**PROBLEM DETAILS**
Leave every picture out, and write out the remaining entries exactly.

**Data items**

____

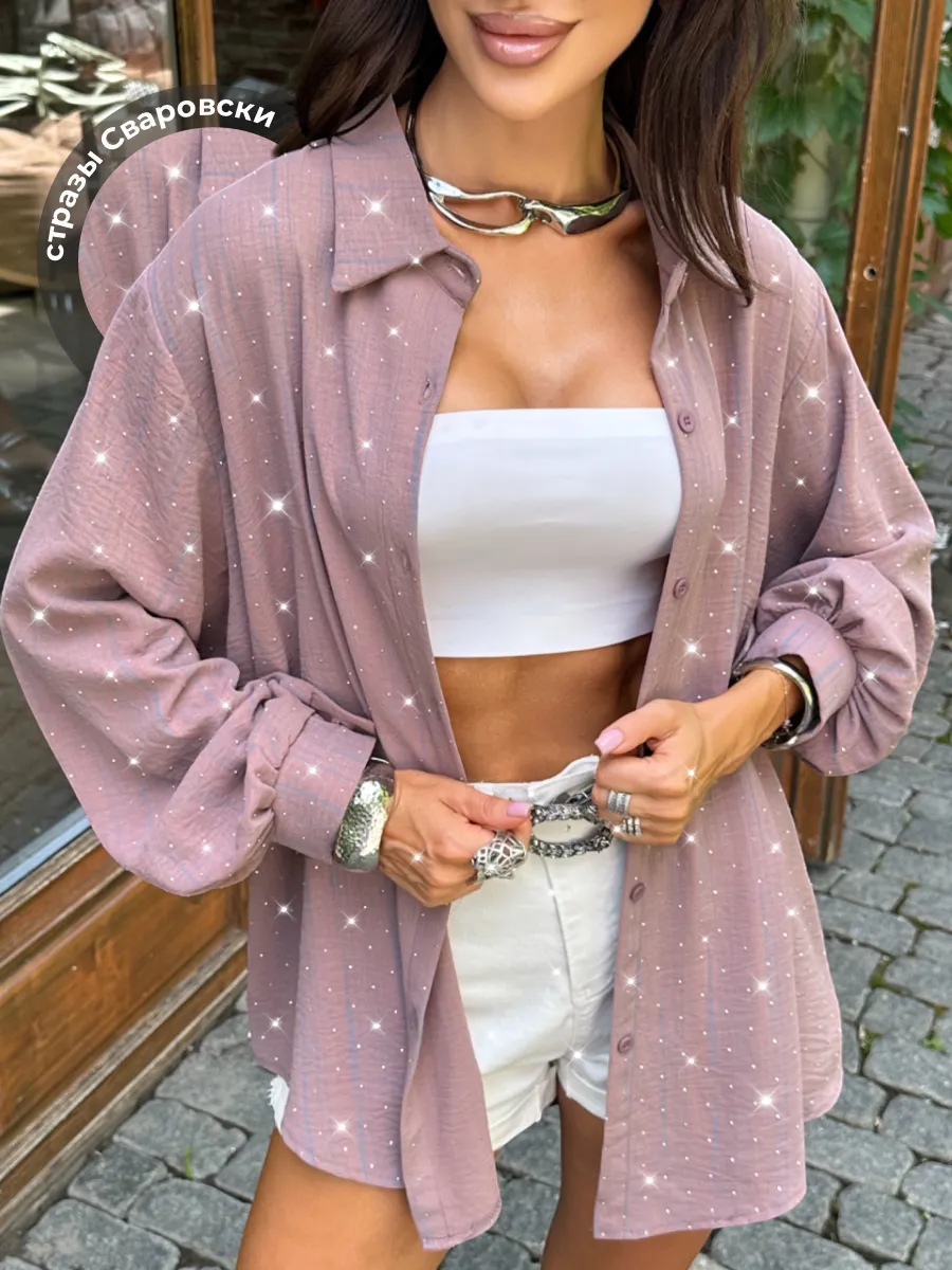 Оверсайз рубашка со стразами — идеальный выбор для женщин, которые ценят комфорт и элегантность. Этот нарядный топ можно носить на повседневной основе или на более формальных мероприятиях. Рубашка имеет удобную посадку, что делает ее идеальным выбором для женщин с формой. Стразы добавляют ей особый шик и красоту. Подойдет для женщин с различными типами фигуры, а также для тех, кто любит носить одежду с интересными деталями.
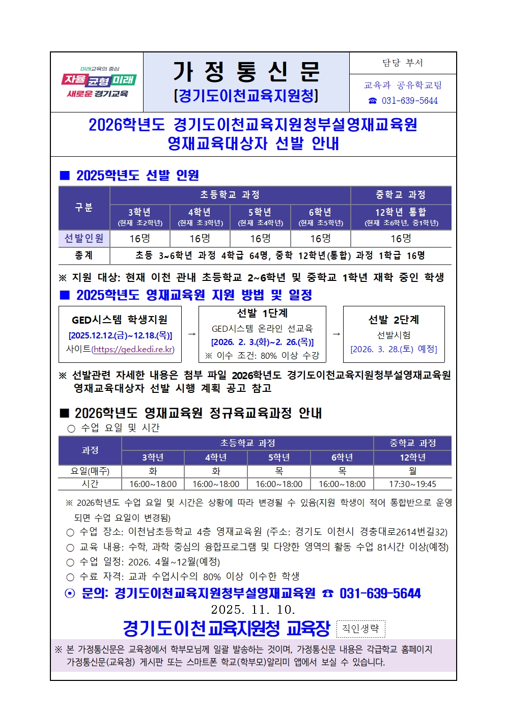 붙임2. 2026학년도 경기도이천교육지원청부설영재교육원 선발 안내 가정통신문.hwp
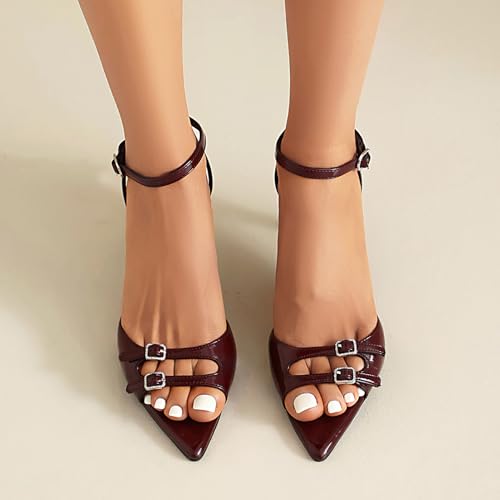 • 【Occasions】 Maroon heeled sandals for women are suitable for offic, party, wedding,date, prom, or anniversary celebration,you can wear burgundy strappy heels on various occasions classy.
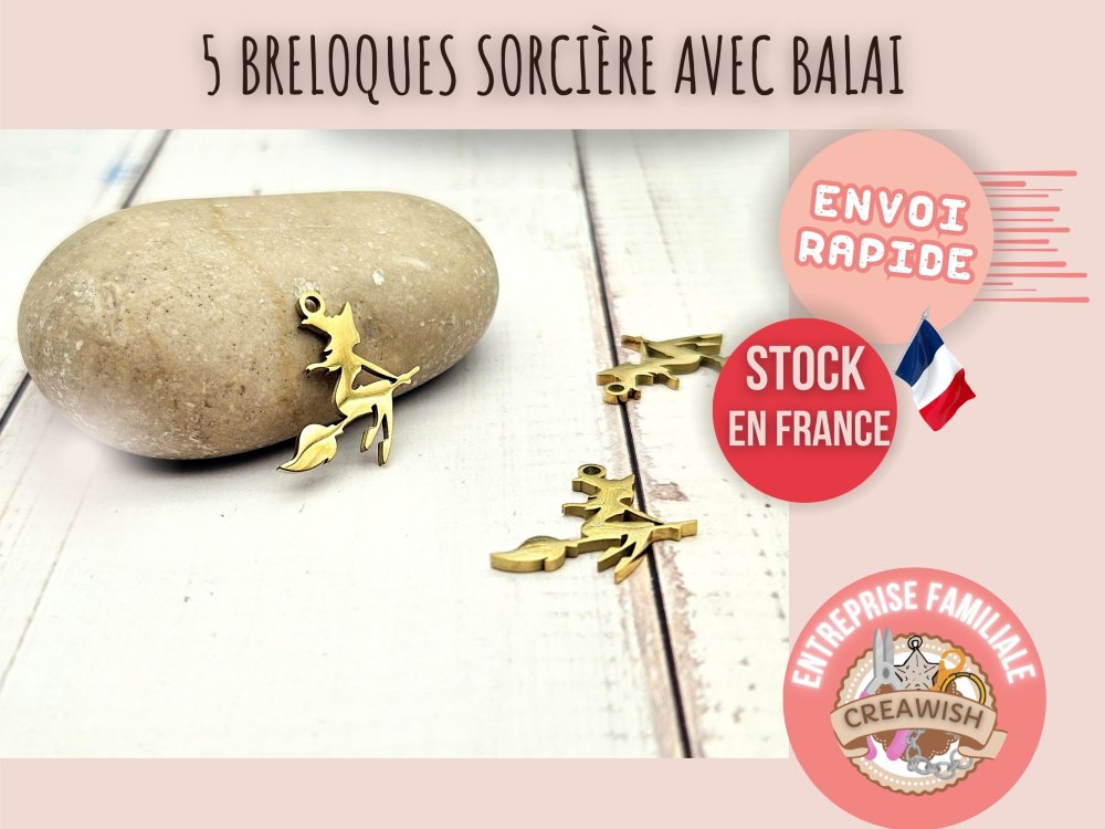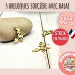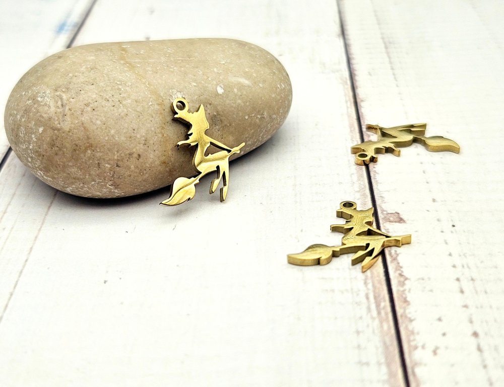 5 breloques sorcière sur balai halloween acier inoxydable doré
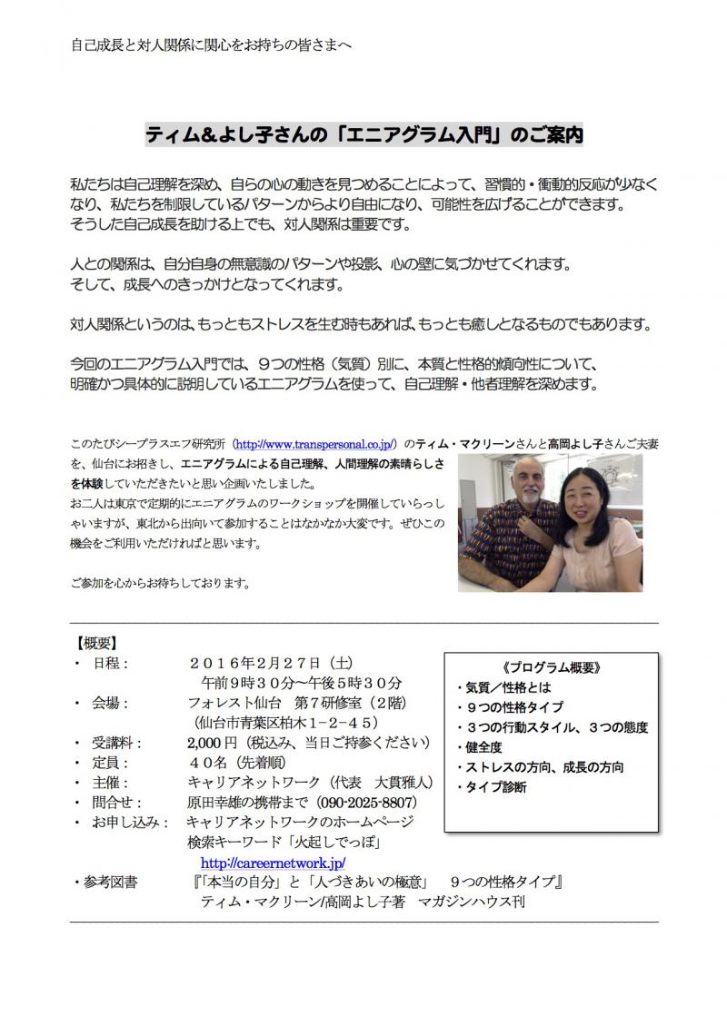 このたびシープラスエフ研究所研究所のティム・マクリーンさんと高岡よし子さんご夫妻を、仙台にお招きし、エニアグラムによる自己理解、人間理解の素晴らしさを体験していただきたいと思い企画いたしました。

____

**REPLY TO THE EXERCISE**
 Оверсайз рубашка со стразами — идеальный выбор для женщин, которые ценят комфорт и элегантность. Этот нарядный топ можно носить на повседневной основе или на более формальных мероприятиях. Рубашка имеет удобную посадку, что делает ее идеальным выбором для женщин с формой. Стразы добавляют ей особый шик и красоту. Подойдет для женщин с различными типами фигуры, а также для тех, кто любит носить одежду с интересными деталями.
 붙임2. 2026학년도 경기도이천교육지원청부설영재교육원 선발 안내 가정통신문.hwp
 • 【Occasions】 Maroon heeled sandals for women are suitable for offic, party, wedding,date, prom, or anniversary celebration,you can wear burgundy strappy heels on various occasions classy.
 5 breloques sorcière sur balai halloween acier inoxydable doré
 このたびシープラスエフ研究所研究所のティム・マクリーンさんと高岡よし子さんご夫妻を、仙台にお招きし、エニアグラムによる自己理解、人間理解の素晴らしさを体験していただきたいと思い企画いたしました。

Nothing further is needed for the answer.